Since the war began, calls have come from around the world to open the Rafah crossing with Egypt and other crossings with Israel to increase the delivery of aid to meet the population’s growing needs. Israel’s military, however, has ignored these calls and continued its blockade.

The UN Children’s Fund (UNICEF) has repeatedly warned of the risk of famine in Gaza.

More aid trucks needed

The Government Media Office in Gaza has appealed to countries around the world for help, calling for urgent intervention to save what remained of the Strip. Media Office Director Ismail Thawabtah said Gaza City and northern Gaza have witnessed an alarming scarcity of necessities including food and shelter. These areas face “real famine,” he said, blaming the international community, the United States and Israel for the disaster. He called for countries to pressure Israel to facilitate the work of the Rafah crossing and reopen all other crossings to deliver urgently needed aid. He said Gaza needs 1,000 aid trucks daily to meet the needs of some 700,000 people in Gaza City and the north.

There is “serious danger,” of acute hunger

A spokesman for the UN Agency for Palestinian Refugees (UNRWA) said Israel’s military aims to paralyze relief institutions in Gaza, adding that aid convoys were repeatedly targeted despite coordination with the Israeli military. He said Gaza receives an average of 65 trucks each day, compared to 500 trucks before the war.

The head of the Government Media Office in Gaza said 5,119 trucks were allowed into Gaza from October 21 to December 31. He said 359 planes carrying aid for Gaza landed in Egypt’s Al-Arish airport but most have yet to be allowed to the Strip.

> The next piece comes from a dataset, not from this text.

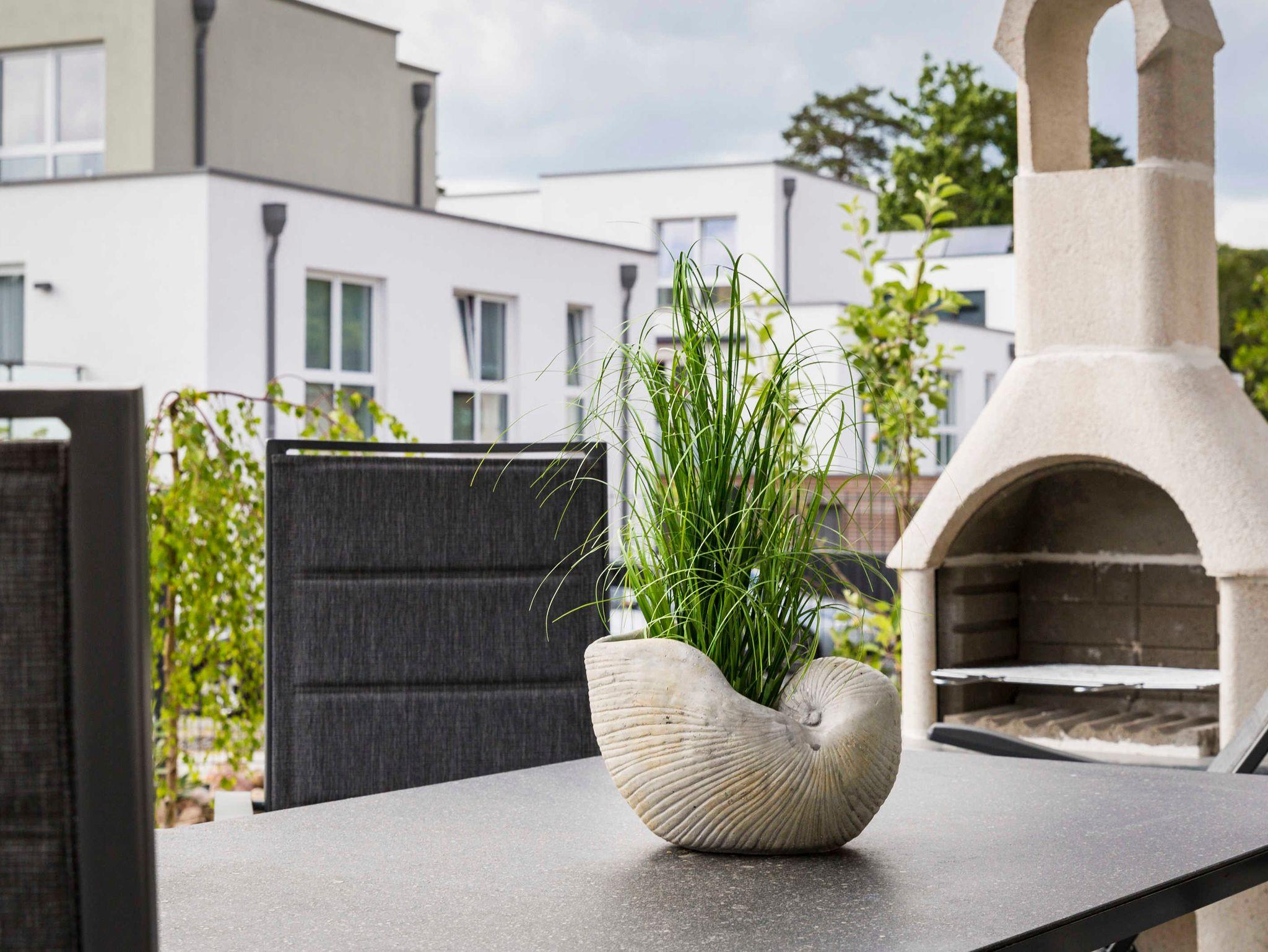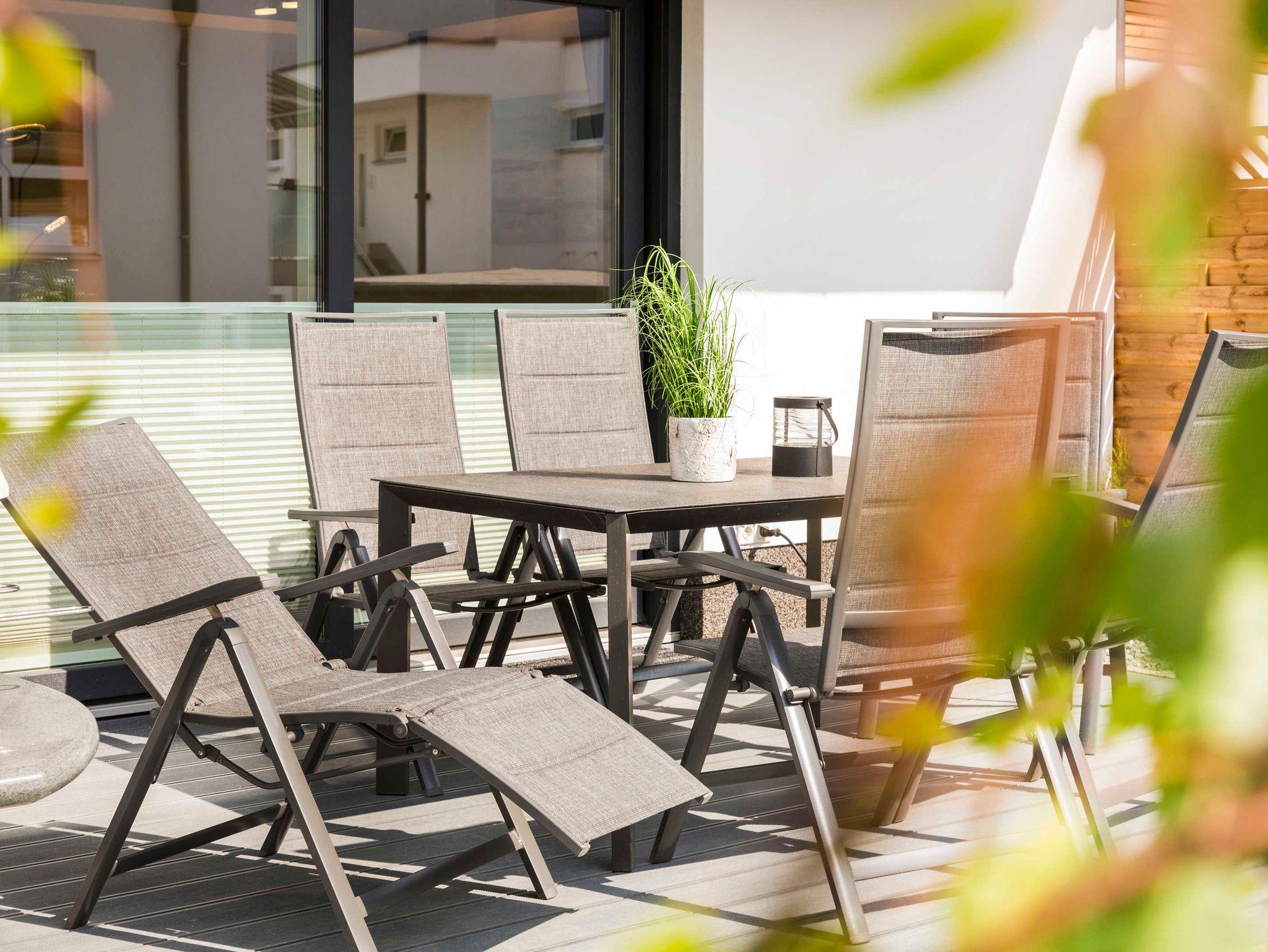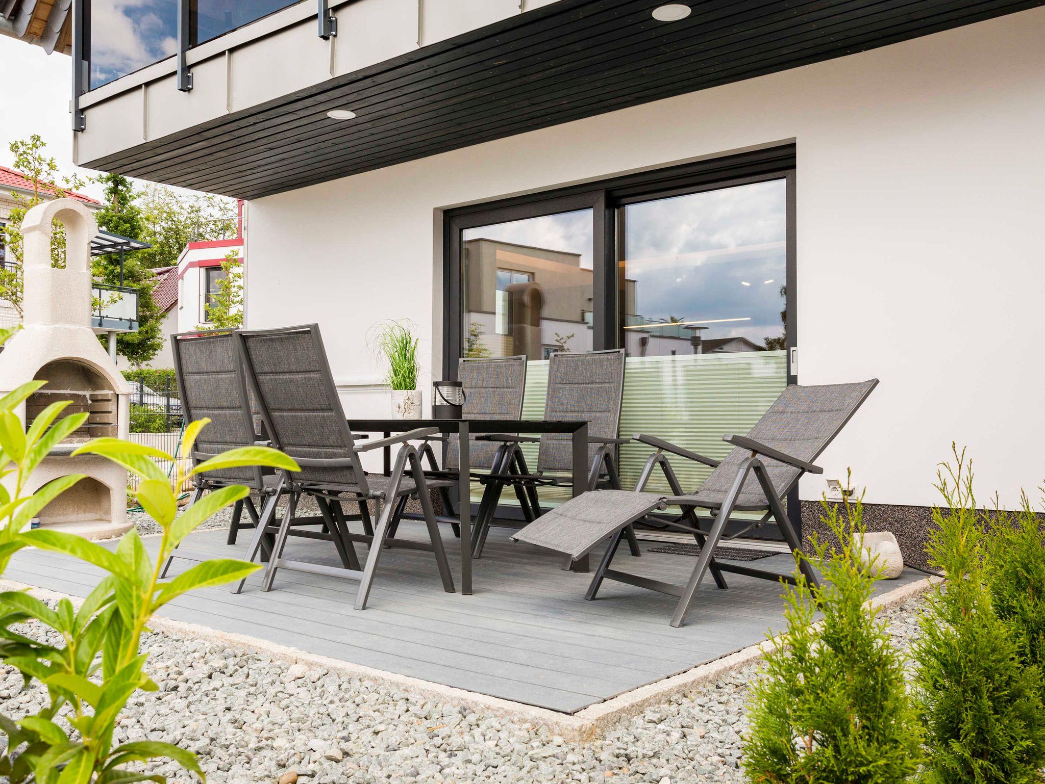 • Terrasse mit Gartenmöbeln und Grillkamin

Hisham Mhanna, a spokesman for the International Committee of the Red Cross in Gaza, said heavy winter clothing must be provided to children and adults alike, especially to displaced people whose homes were destroyed.

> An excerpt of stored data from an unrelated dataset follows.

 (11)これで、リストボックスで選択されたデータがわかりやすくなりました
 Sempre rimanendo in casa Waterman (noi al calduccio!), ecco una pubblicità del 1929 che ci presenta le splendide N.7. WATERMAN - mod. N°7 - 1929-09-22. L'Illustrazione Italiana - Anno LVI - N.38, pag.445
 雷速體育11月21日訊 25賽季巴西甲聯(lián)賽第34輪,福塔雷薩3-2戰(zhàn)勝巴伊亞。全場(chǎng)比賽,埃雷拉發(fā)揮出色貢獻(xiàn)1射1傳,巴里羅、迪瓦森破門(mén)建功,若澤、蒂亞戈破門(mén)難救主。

“The potential catastrophic effects of rain on refugee camps and shelter centers are beyond solution due to the collapse of the infrastructure,” he said, adding the conditions pose serious environmental and health conditions that “will leave long-term impacts on all citizens.”

Photo of a Palestinian doctor treating a child in the Rafah camps
Palestinian doctor treats the displaced in Rafah camps – Mohammed Talatene/dpa/ZUMA

Disease risks

World Health Organization Director-General Tedros Adhanom Ghebreyesus said there is “serious danger,” of acute hunger and despair spreading across the war-wrecked Strip.

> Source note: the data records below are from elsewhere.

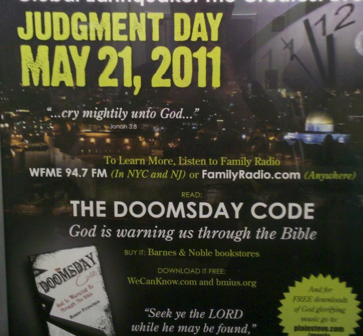 I realize that most people who believe “the end is near” do so because it’s what they were told to believe by their family, religious figures, and friends. Few people would reach such a system of belief without these influences. In fact, a very small portion of the population do so even with these influences. That is, I think, a credit to humanity (if a fairly feeble one). And I pity the people who believe so fervently the end is coming that they give up all security in their lives: savings, jobs, homes, etc. Those things are “only material,” of course, but when you expect to be around for awhile and you’re not accustomed to the life of an ascetic monk, it’s tough getting along without them. It’s even worse when your children are trapped into such a condition when they had no choice in the matter. I truly hope that now, and indefinitely into the future, for each failed doomsday prophecy there are a few disillusioned believers who find in their continued existence greater appreciation for the experiences and relationships life makes possible for each of us. In fact, that’s a worthy hope for everyone on Earth.
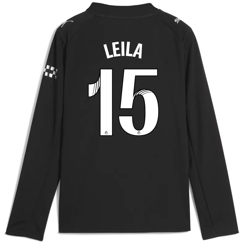 Kids‘ Manchester City Away Jersey 2025/26 Long Sleeve With LEILA 15 Printing
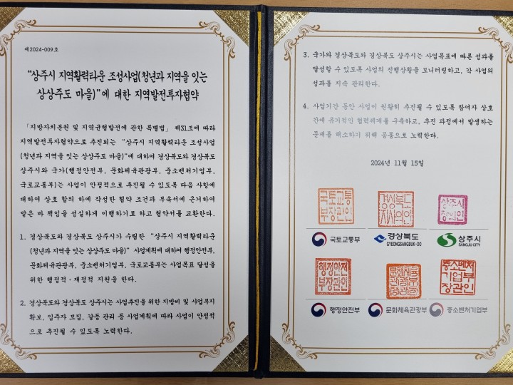 [상주타임뉴스 이승근 기자]상주시는 국토교통부, 행정안전부, 문화체육관광부, 중소벤처기업부와 협력해 지역활력타운 추진을 위한 지역발전투자 협약을 체결했다고 20일 발표했다.
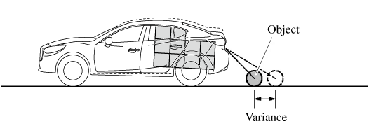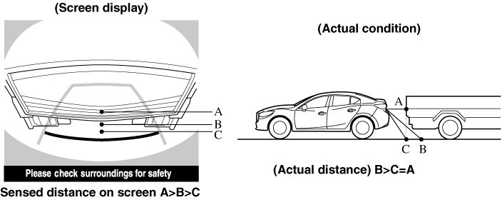 When there is a steep upgrade (downgrade) behind the vehicle, the object displayed on the screen appears farther (downgrade: closer) than the actual distance.
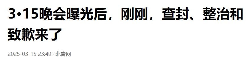 北青网--3·15晚会曝光后,刚刚,查封、整治和致歉来了--2025-03-15
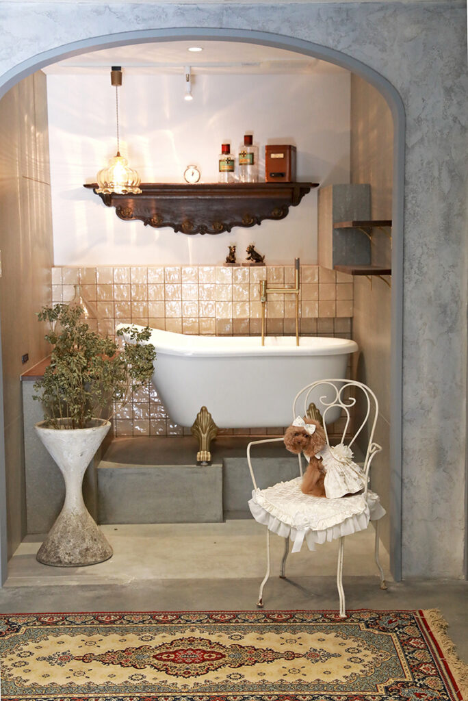 シャンプーを流すシャワールームにはアンティーク好きなら一度は憧れる猫脚のバスタブを◎

According to a WHO statement, the need for food “remains dire” and staff said that “hungry people stopped our convoys again today in the hope of obtaining food.” The agency’s “ability to provide medicines, medical supplies and fuel to hospitals is increasingly constrained; because of the hunger and desperation of people heading to the hospitals we reach and those inside them,” the statement said.

The U.N. Security Council resolution providing for the safe, unhindered and widespread delivery of humanitarian aid to Gaza remains unimplemented, with no current step to save the Strip from famine and cold.

Photo of supplies waiting to be transported to Gaza at an airport in Germany.
The German Red Cross is transporting 33 tons of relief supplies for the civilian population in Gaza. – Sebastian Willnow/dpa/ZUMA

Starvation as a weapon

The Euro-Mediterranean Human Rights Monitor called for international action to stop Israel from turning Gaza into a cemetery, “the largest for children in modern history.”

Meanwhile, humanitarian organizations on the ground condemned Israel’s use of starvation as a “weapon of war and insisted on the necessity of an immediate ceasefire.

The Palestinian Central Bureau of Statistics and the Palestine Monetary Authority said in a joint statement that poverty in Gaza has risen to dangerous levels and that consumption declined by 80% in Gaza during the fourth quarter of 2023 compared to the same period of the previous year.